* **Task statement**: Starting at the line with "Berrys Intimatess Yellow" and ending at the line with "สถานี ก.ค.ศ. สรุปผลการประชุม", print exactly the lines of the entries below. Pictures do not belong in the copy.

* **Recorded data**:
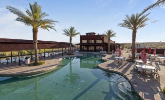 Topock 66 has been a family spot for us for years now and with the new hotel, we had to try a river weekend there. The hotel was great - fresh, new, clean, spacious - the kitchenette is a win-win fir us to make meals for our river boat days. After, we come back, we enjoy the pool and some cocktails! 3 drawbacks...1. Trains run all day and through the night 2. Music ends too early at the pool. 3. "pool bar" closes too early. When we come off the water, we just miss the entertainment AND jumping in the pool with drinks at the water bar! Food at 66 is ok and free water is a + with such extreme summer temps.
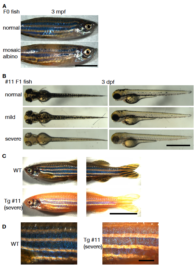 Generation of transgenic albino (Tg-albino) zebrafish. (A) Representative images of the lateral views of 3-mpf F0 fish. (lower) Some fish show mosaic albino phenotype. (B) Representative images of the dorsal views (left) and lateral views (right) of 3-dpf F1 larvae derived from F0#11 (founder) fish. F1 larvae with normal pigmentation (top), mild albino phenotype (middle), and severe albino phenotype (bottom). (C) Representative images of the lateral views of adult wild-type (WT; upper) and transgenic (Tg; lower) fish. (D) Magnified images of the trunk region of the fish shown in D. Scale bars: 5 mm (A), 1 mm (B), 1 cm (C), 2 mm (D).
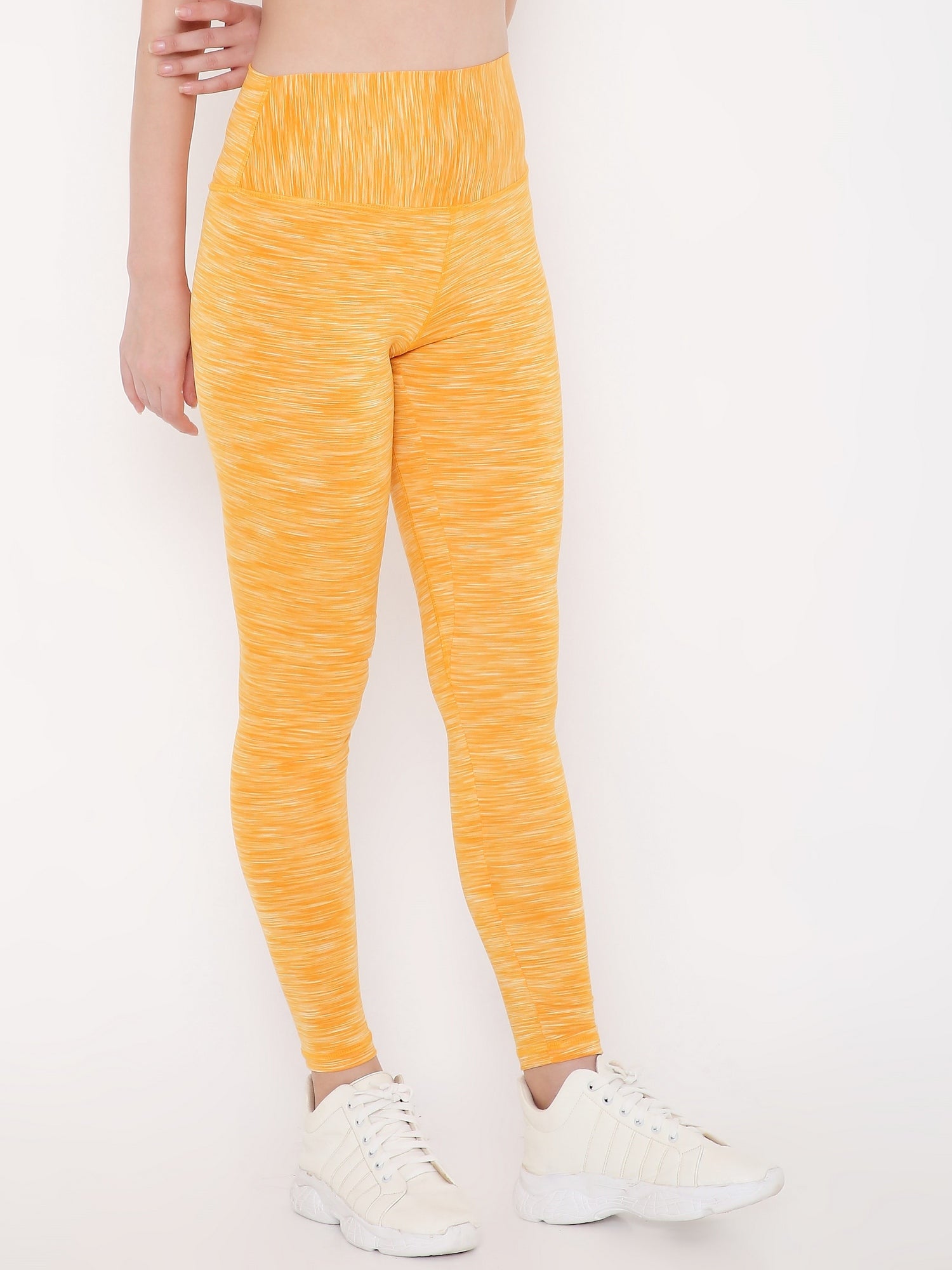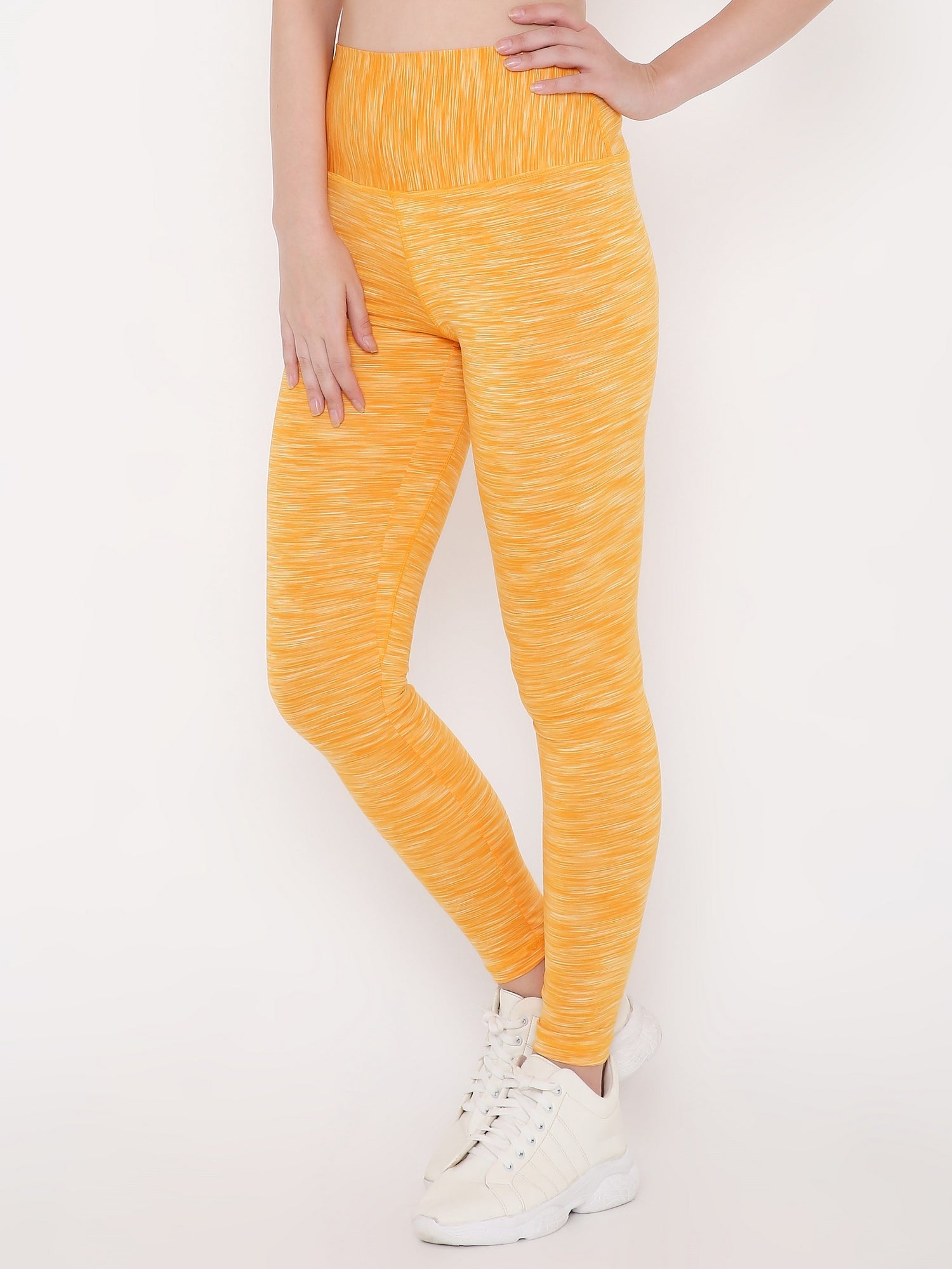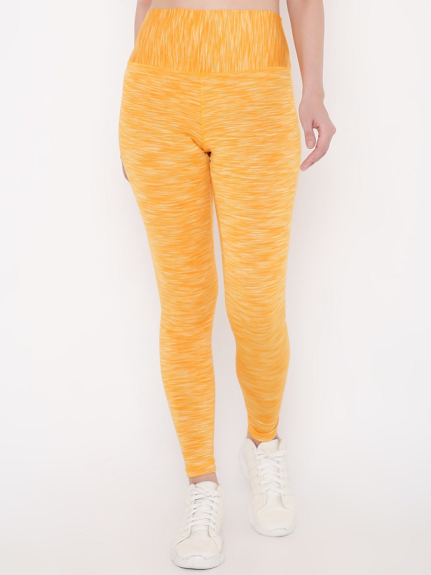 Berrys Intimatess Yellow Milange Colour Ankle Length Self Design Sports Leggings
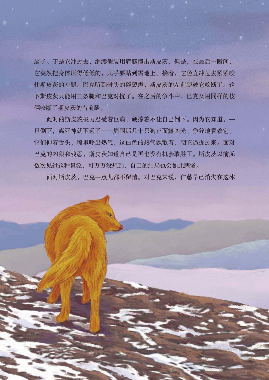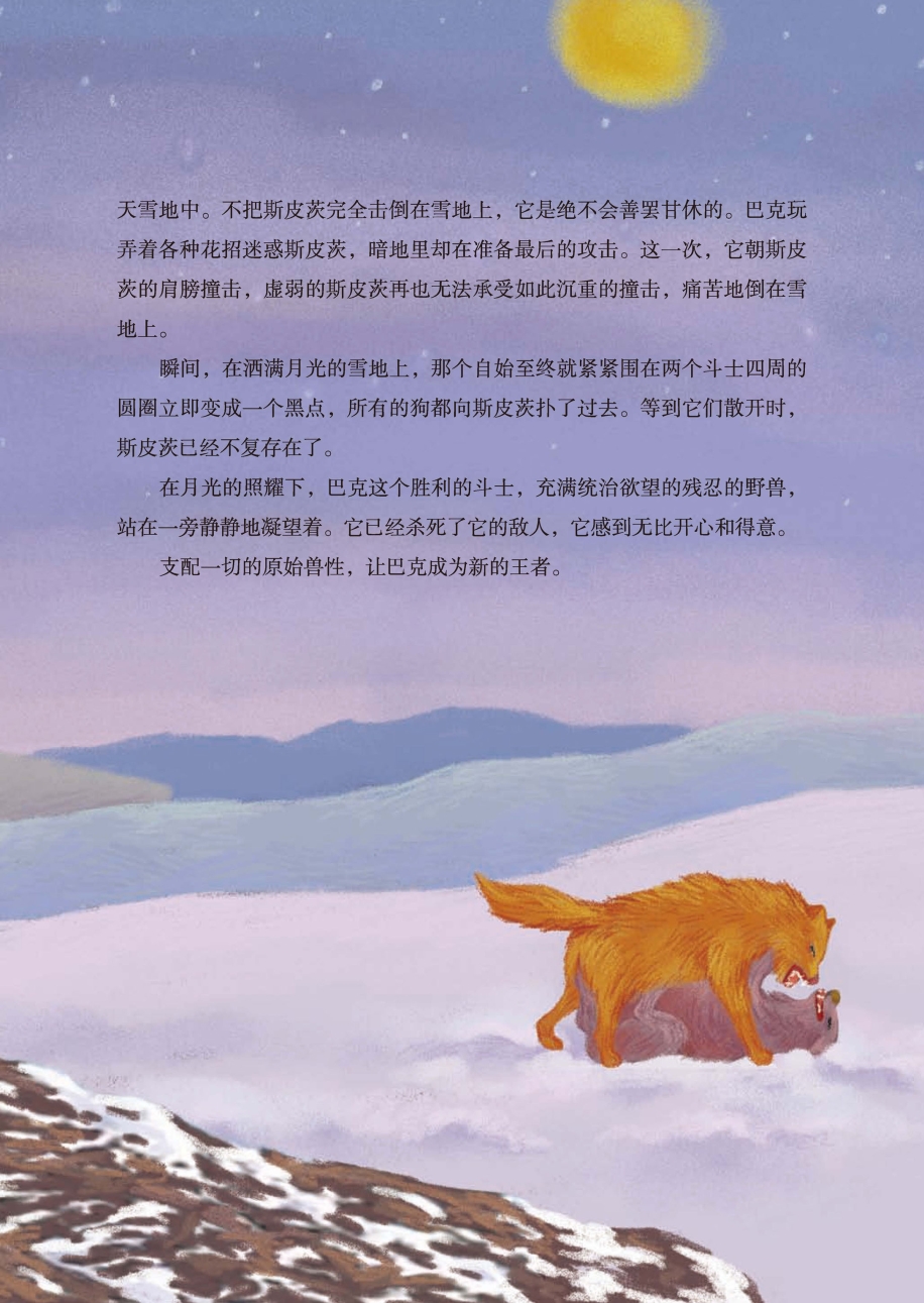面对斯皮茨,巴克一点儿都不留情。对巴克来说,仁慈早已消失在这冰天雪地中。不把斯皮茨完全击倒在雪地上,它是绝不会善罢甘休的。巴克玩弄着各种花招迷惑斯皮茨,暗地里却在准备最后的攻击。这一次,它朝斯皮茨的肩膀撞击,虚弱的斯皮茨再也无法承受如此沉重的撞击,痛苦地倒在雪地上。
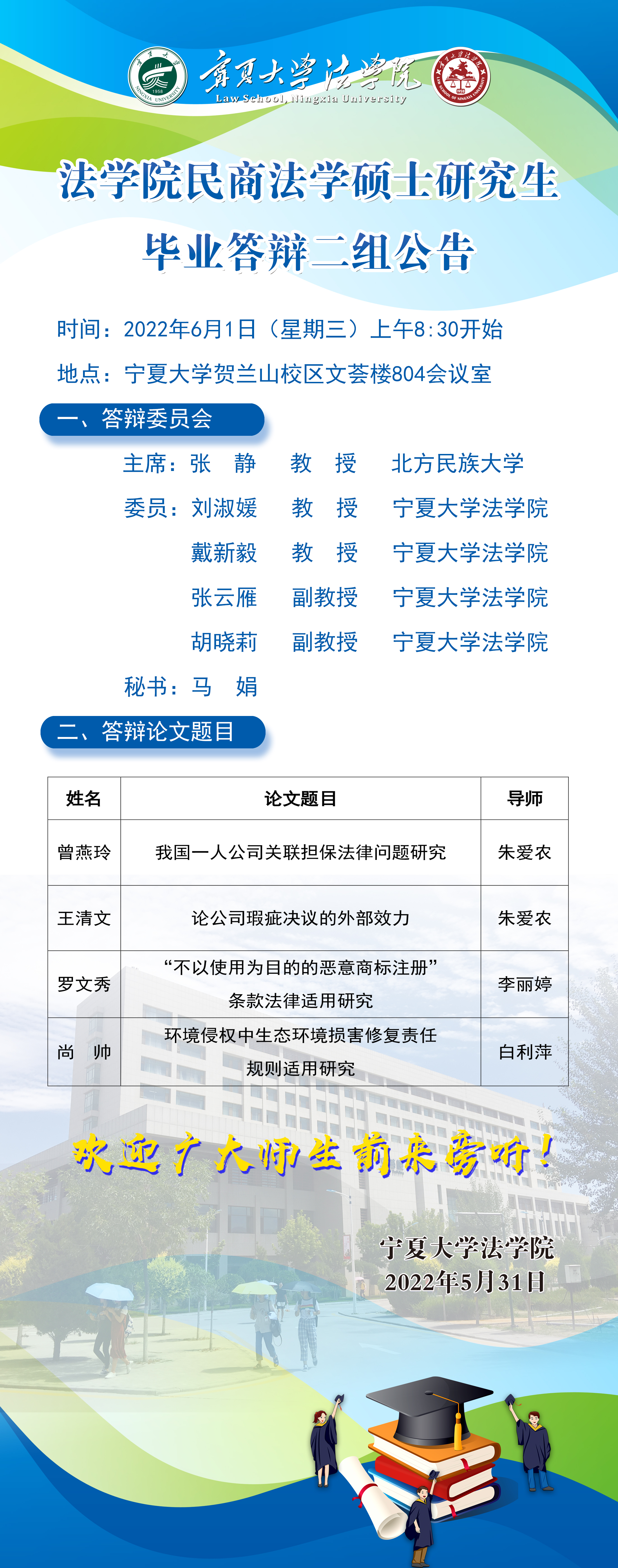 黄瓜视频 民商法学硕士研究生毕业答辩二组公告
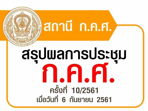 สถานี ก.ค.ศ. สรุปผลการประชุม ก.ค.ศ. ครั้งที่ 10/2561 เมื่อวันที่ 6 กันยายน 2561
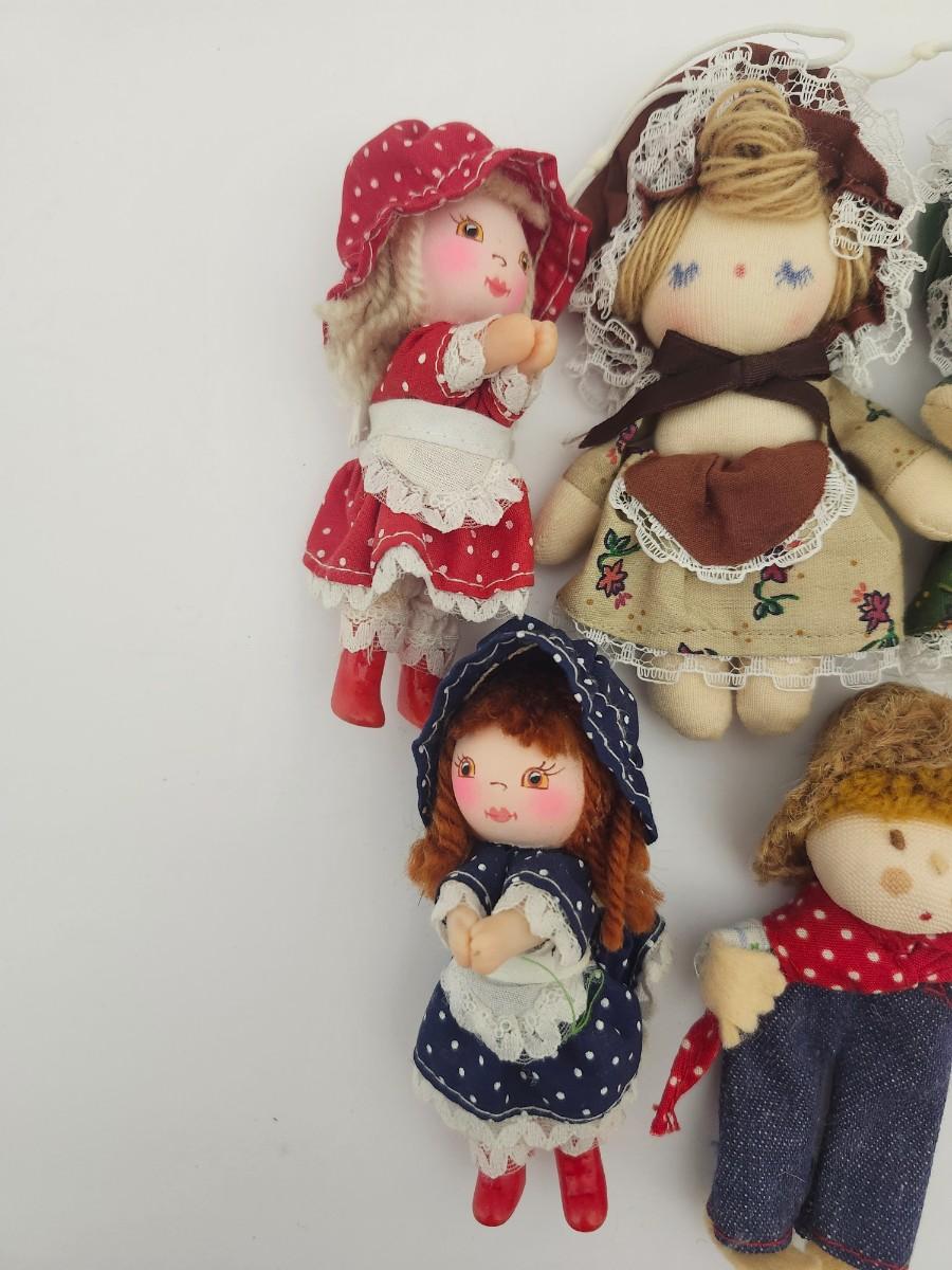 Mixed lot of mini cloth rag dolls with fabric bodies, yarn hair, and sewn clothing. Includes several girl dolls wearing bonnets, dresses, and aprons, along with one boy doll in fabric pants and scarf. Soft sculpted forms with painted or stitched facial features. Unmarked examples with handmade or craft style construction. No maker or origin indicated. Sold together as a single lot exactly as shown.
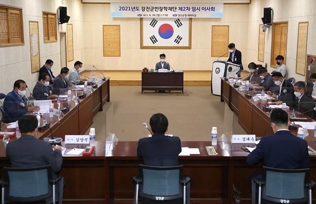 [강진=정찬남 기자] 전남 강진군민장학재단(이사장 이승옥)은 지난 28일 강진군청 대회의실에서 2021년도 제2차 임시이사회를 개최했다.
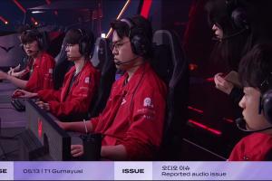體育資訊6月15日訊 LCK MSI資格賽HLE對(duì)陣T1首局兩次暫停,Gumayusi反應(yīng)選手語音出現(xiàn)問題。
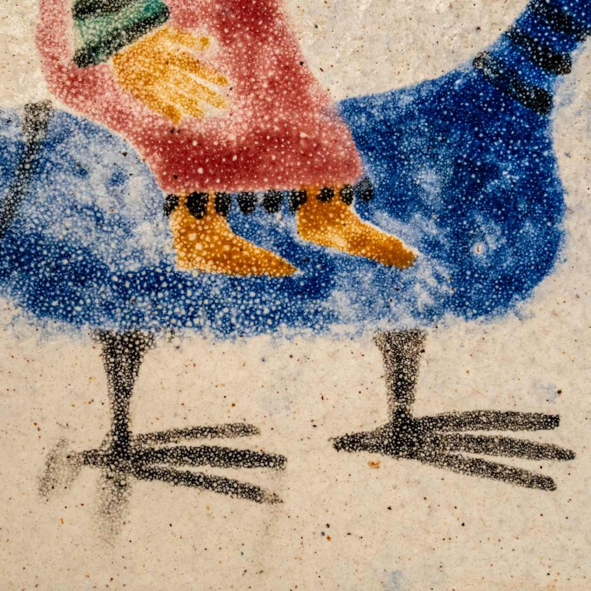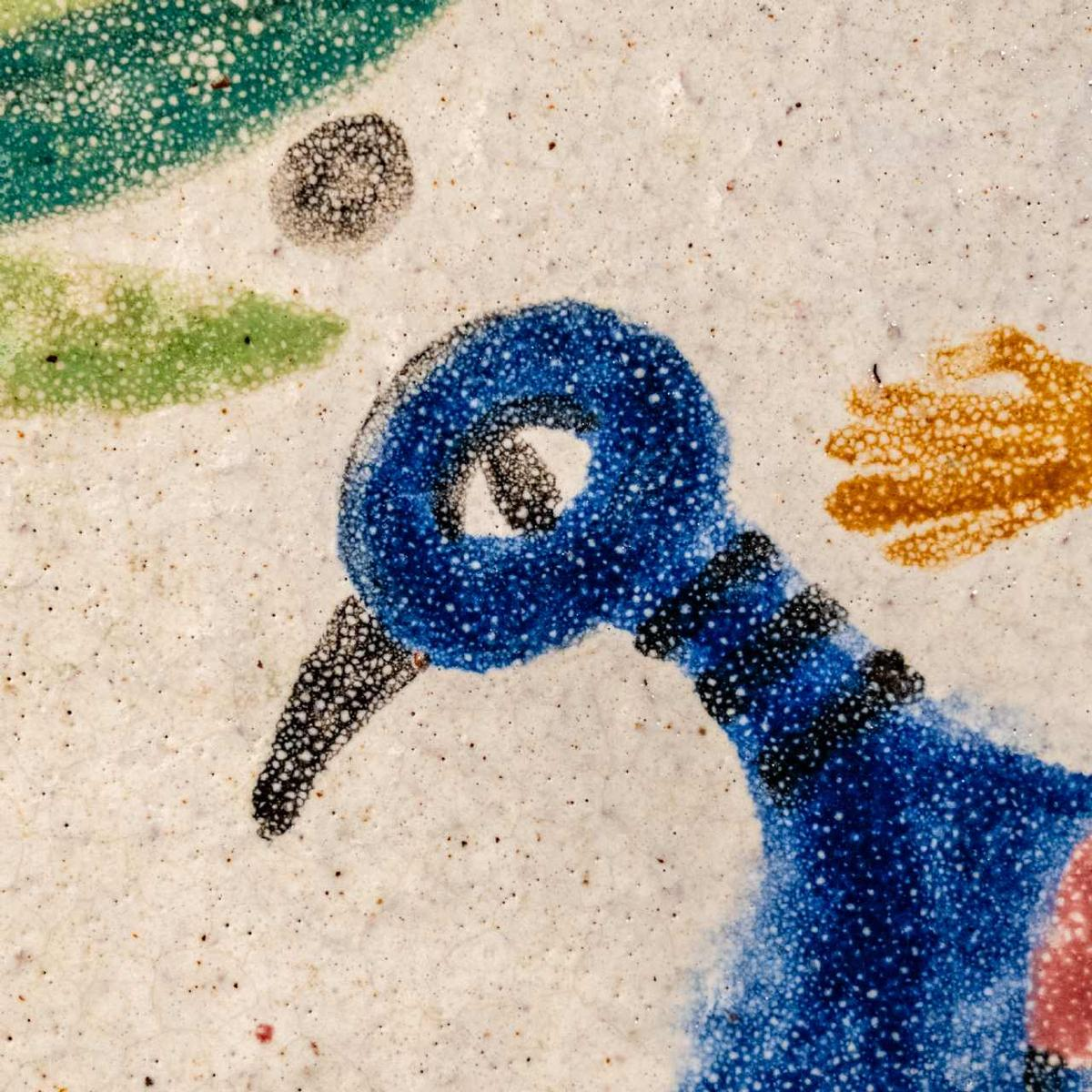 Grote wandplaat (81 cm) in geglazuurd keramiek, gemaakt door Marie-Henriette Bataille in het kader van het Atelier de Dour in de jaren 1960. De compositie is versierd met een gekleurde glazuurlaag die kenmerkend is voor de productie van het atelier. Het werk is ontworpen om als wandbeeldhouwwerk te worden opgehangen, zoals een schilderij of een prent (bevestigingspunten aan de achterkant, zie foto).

* **Answer for this exercise**:
 Berrys Intimatess Yellow Milange Colour Ankle Length Self Design Sports Leggings
面对斯皮茨,巴克一点儿都不留情。对巴克来说,仁慈早已消失在这冰天雪地中。不把斯皮茨完全击倒在雪地上,它是绝不会善罢甘休的。巴克玩弄着各种花招迷惑斯皮茨,暗地里却在准备最后的攻击。这一次,它朝斯皮茨的肩膀撞击,虚弱的斯皮茨再也无法承受如此沉重的撞击,痛苦地倒在雪地上。
 黄瓜视频 民商法学硕士研究生毕业答辩二组公告
 สถานี ก.ค.ศ. สรุปผลการประชุม ก.ค.ศ. ครั้งที่ 10/2561 เมื่อวันที่ 6 กันยายน 2561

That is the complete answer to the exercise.